Lex leaned back in his chair, his eyes still laughing. "So, what was **your** first? I have to admit, I don't remember." Lex's voice dropped down and caressed Clark all over, spinning the first sentence to cover so many more meanings than what he was speaking of.

Shivering, Clark tried to put off the effect that voice still had on him. It was hard, though, buried in the memories as he was. "Troy. It was Troy."

"Ah," Lex's voice continued with the caressing and dropped into nostalgia with the single syllable.

Conner made an inquiring noise while he picked up his forgotten fork and started on his pancakes again.

"Um, Lex's father had given him a model of the siege of Troy, this really incredible model about five feet across, detailed, hand-carved wooden figures. You were… ten?"

"Nine," Lex replied, smiling slightly, "Ten was Nietzsche."

"Okay, ew on the book, but what was wrong with the model? It sounds cool." Conner looked a bit wistful. Clark instantly resolved to get Conner every present he'd never had.

"It wasn't a play-toy, it was a tool to learn strategy." Lex had lost the smile. "Along with the model, I also had historians for teachers and an ex-General in to tell me what they could have done better. Weeks and months of us pouring over that thing, while I was never allowed to touch it."

Conner dropped his fork, splattering the pancake and syrup over the table.

"Yeah," Clark sighed. No, one never did forget their first Luthor-horror tale.

"How can you be so **calm**!?" Conner asked in horror.

"He likes the reactions," Clark pointed his thumb at Lex. "You stop encouraging it after awhile."

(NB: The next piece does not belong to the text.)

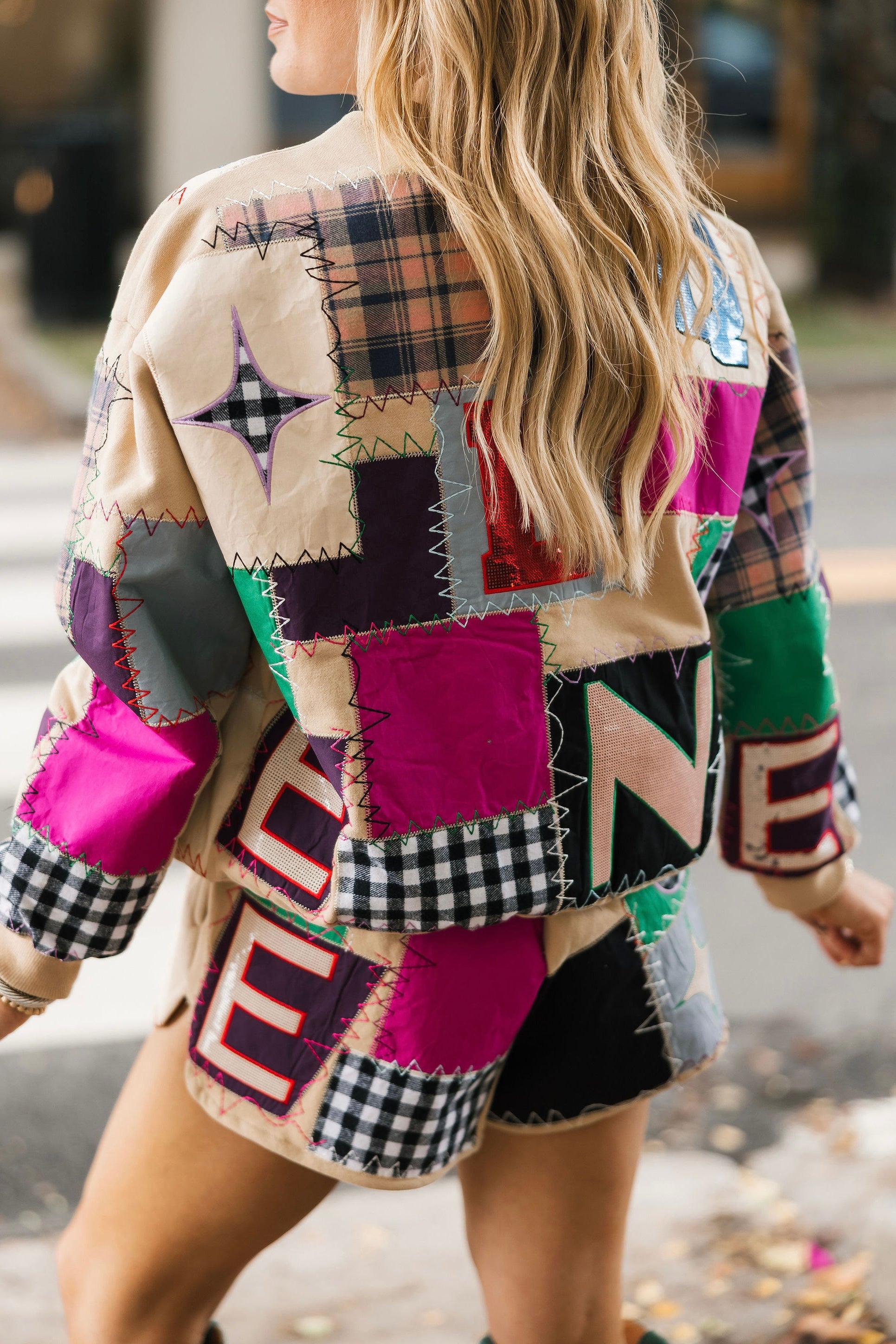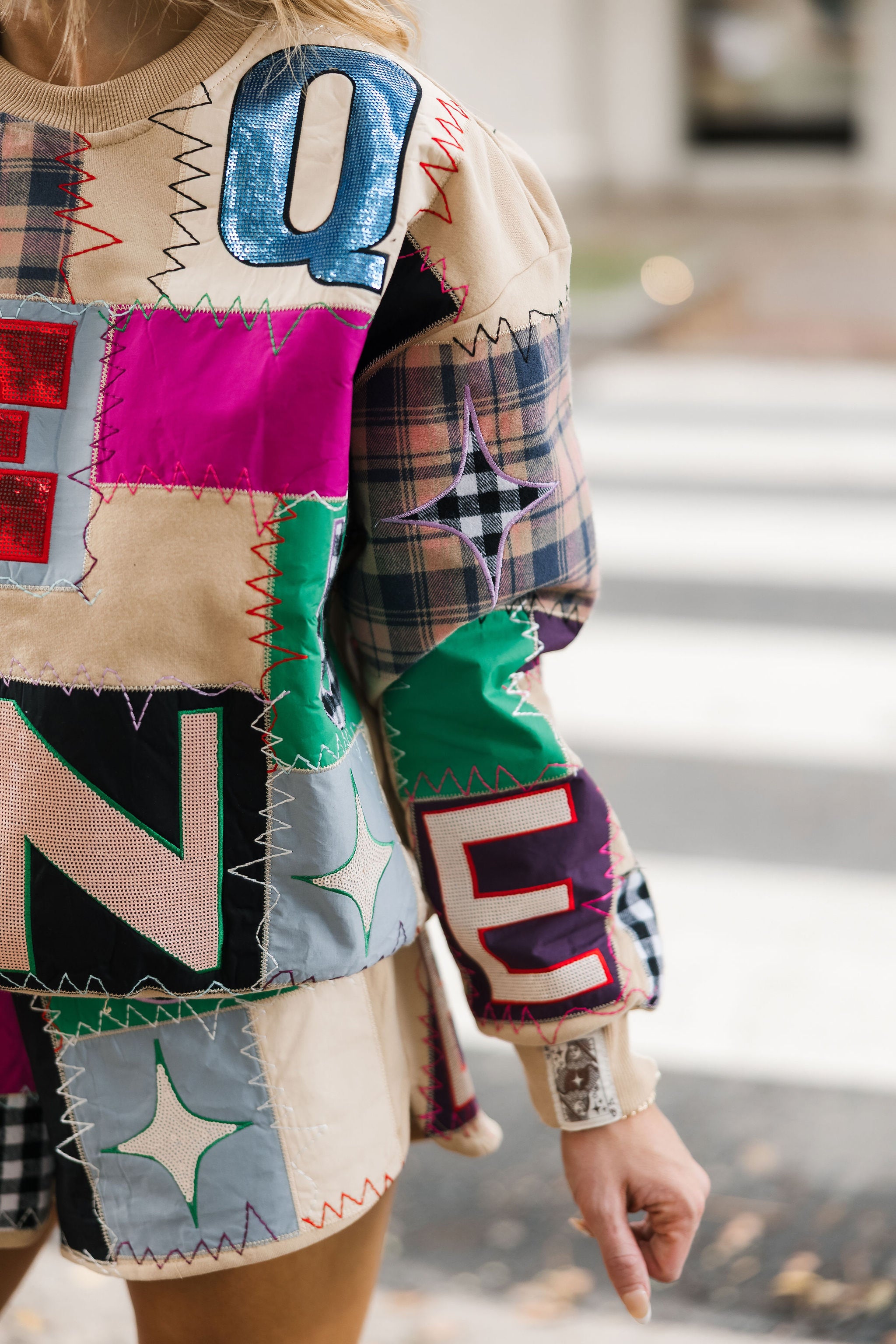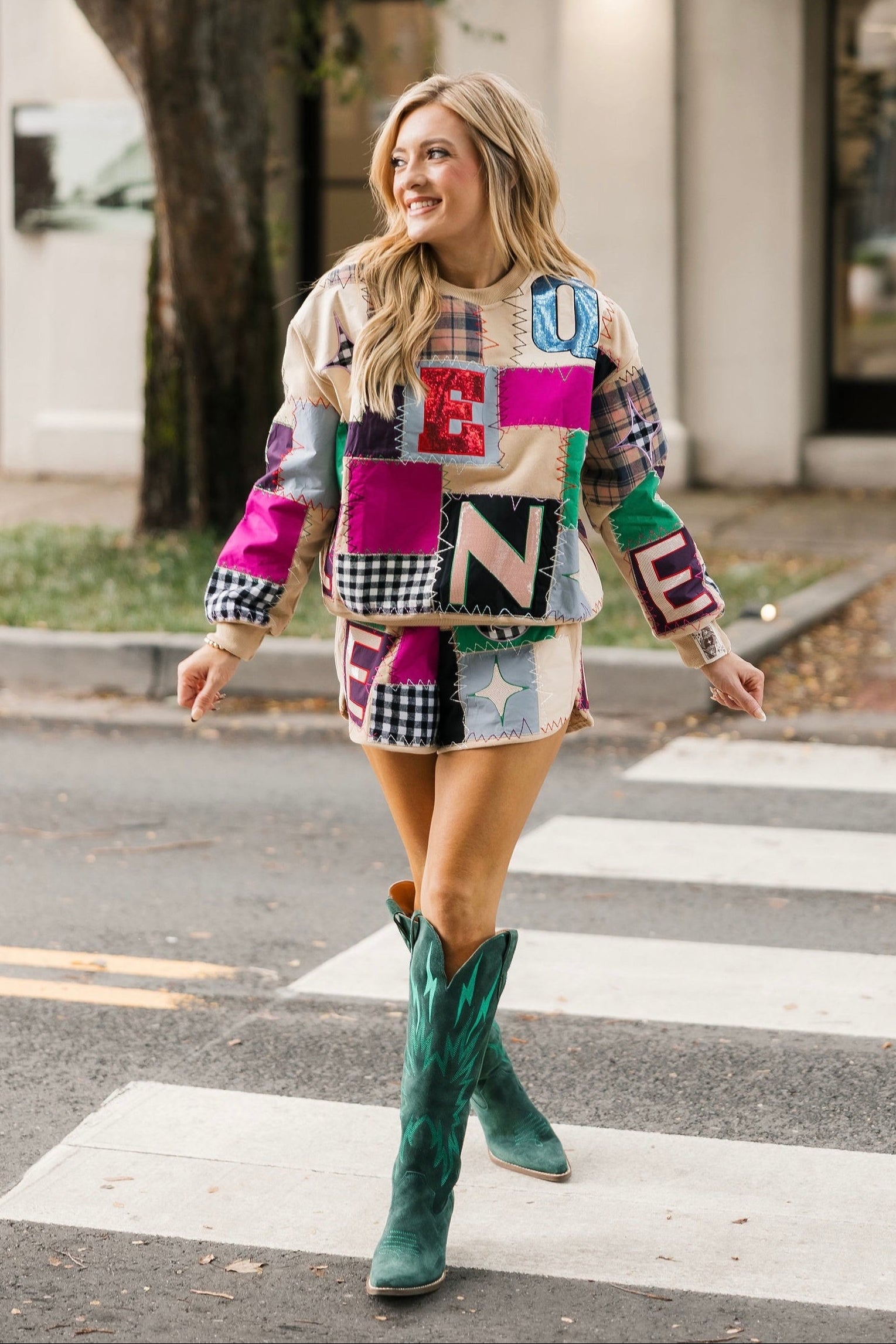 Queen Of Sparkles Beige Mutli Queen Patchwork Sweatshirt

Lex shrugged with another grin, admitting it without words. "Though you do it, too."

"Do what?"

"You like the reactions of the non-initiated." Lex looked at him, sharing a memory.

Clark searched through his memories, but couldn't come with whatever one Lex was thinking about.

Lex read it off Clark's face and turned to Conner instead. "I was over at their farm for a visit, just dropped by to talk to Clark about something. We were up in the loft and he offered me some beef jerky. I was half-way through my piece when he says, "Oh, by the way, you remember our old bull, Bullock? You're eating him.""

Conner's fork dropped down again and he shoved his plate away. "Omigod. You're kidding." He turned wounded eyes on Clark.

Clark threw up his hands, "I wasn't **trying** to get you! It was an honest… I mean, I didn't really think anything of it. We'd just gotten the jerky back from the processing plant, and it came out better than we'd expected, Bullock had been so old."

"You're not helping," Lex said, laughing.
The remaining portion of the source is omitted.